Broader context: The war for the enterprise market escalates
The joint ventures with private equity funds are just one of many fronts on which OpenAI and Anthropic are clashing. OpenAI recently partnered with Amazon Bedrock to expand the distribution of its models beyond the Microsoft ecosystem. Anthropic, in turn, launched Claude for lawyers with over 20 connectors and integration with Microsoft 365 and introduced financial agents targeting the banking sector.
Both companies, according to market information, are preparing for an IPO as early as 2026, which makes their push to build stable and predictable revenue streams even more logical. After all, public market investors love recurring service revenue far more than volatile API revenue.
Why are OpenAI and Anthropic entering consulting at all when their core business is AI models?
The reason is the declining API market share and the easy substitutability of the models themselves. According to Menlo Ventures data, OpenAI's share of the enterprise API market dropped from 50% to 25% over 18 months. Services create deeper integration with the customer and significantly increase the switching costs to competitors. This is a strategic move from a product company to a platform.
What is the difference between OpenAI's and Anthropic's approach in these joint ventures?

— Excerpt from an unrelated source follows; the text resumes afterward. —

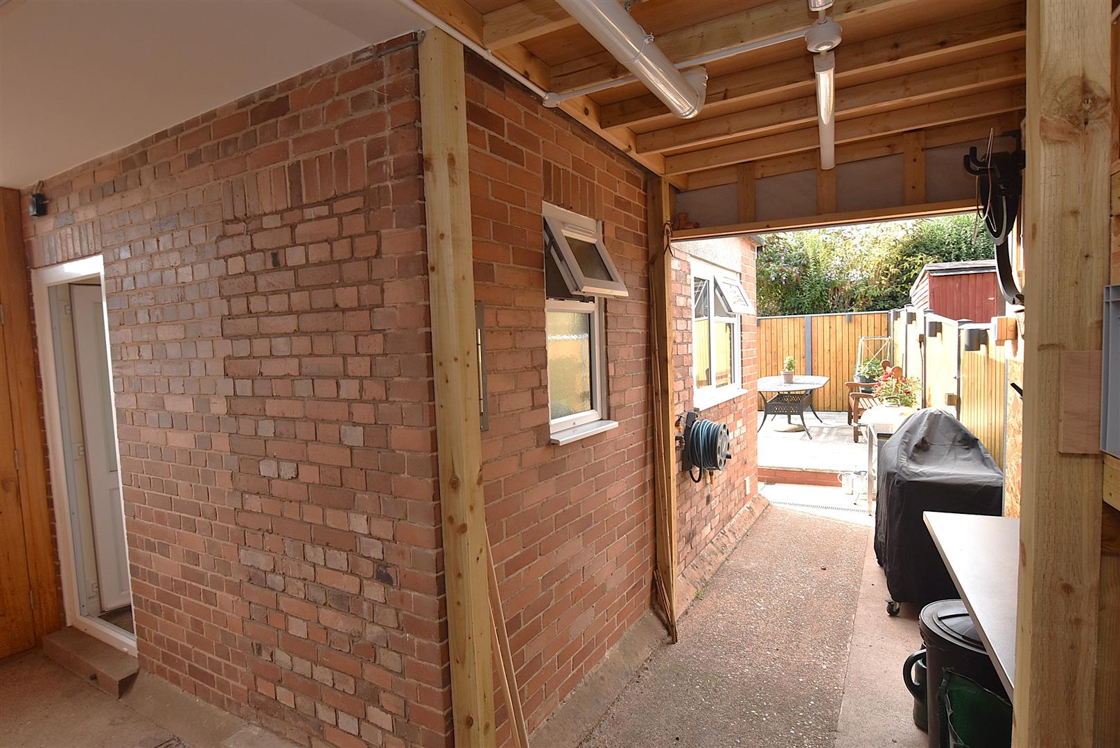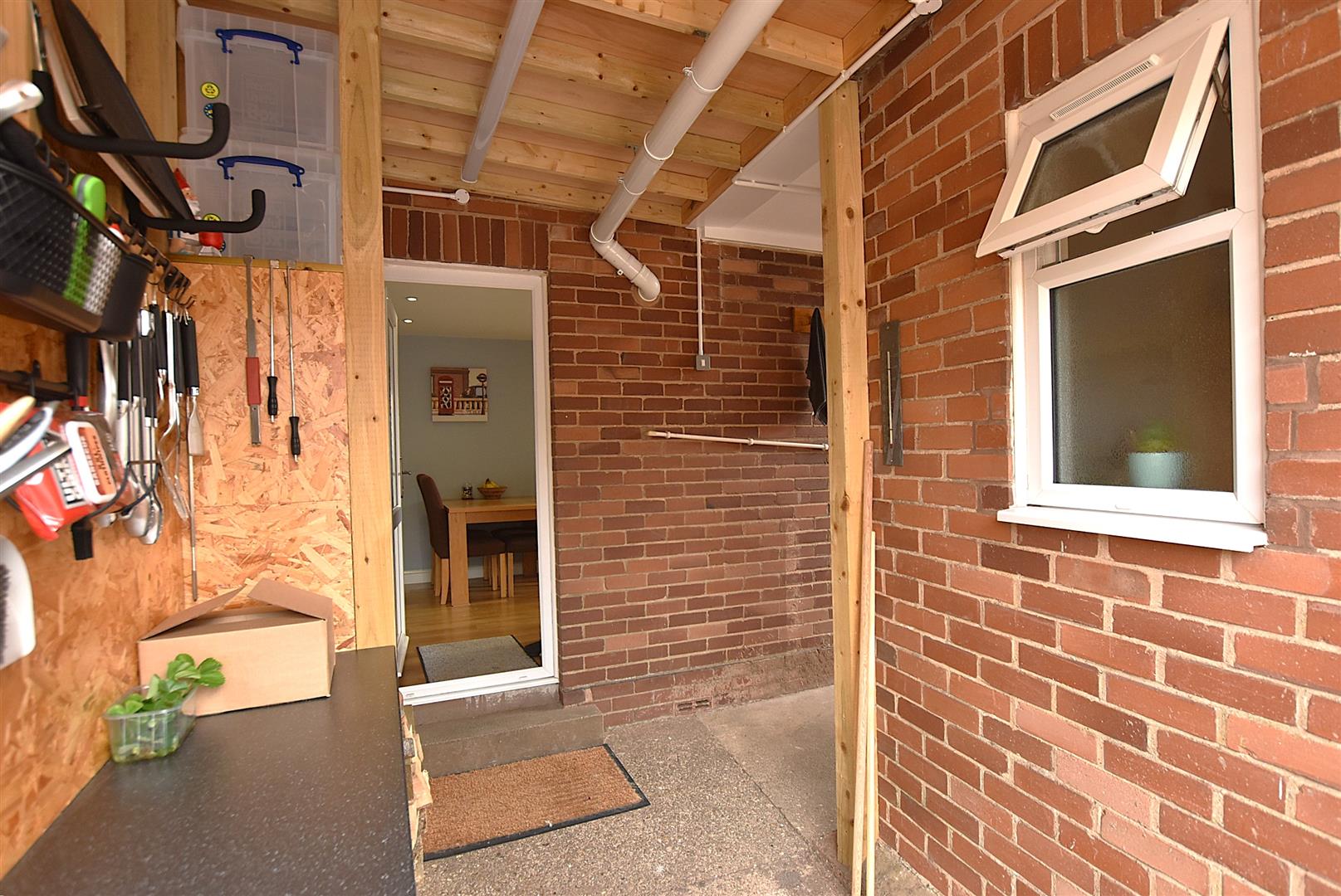This large covered area opens onto the rear garden and has secure double doors leading to the driveway and garage. A door also links with the cloakroom/WC and utility room.

OpenAI offers investors a guaranteed annual return of 17.5%, a bold commitment given the expected loss of $14 billion. Anthropic provides no such guarantee and relies on organic growth. The difference reflects distinct corporate cultures: OpenAI bets on rapid expansion, Anthropic on a more conservative, safety-oriented approach.
Will this trend affect smaller Czech companies as well?
Yes, although indirectly. Large consulting firms such as Accenture and Deloitte, which operate in the Czech Republic, will be under pressure to change their business model. For Czech companies, this means an opportunity to implement AI models directly — Claude and ChatGPT both support Czech and are available without intermediaries. The key will be to build internal AI competencies rather than relying exclusively on external providers.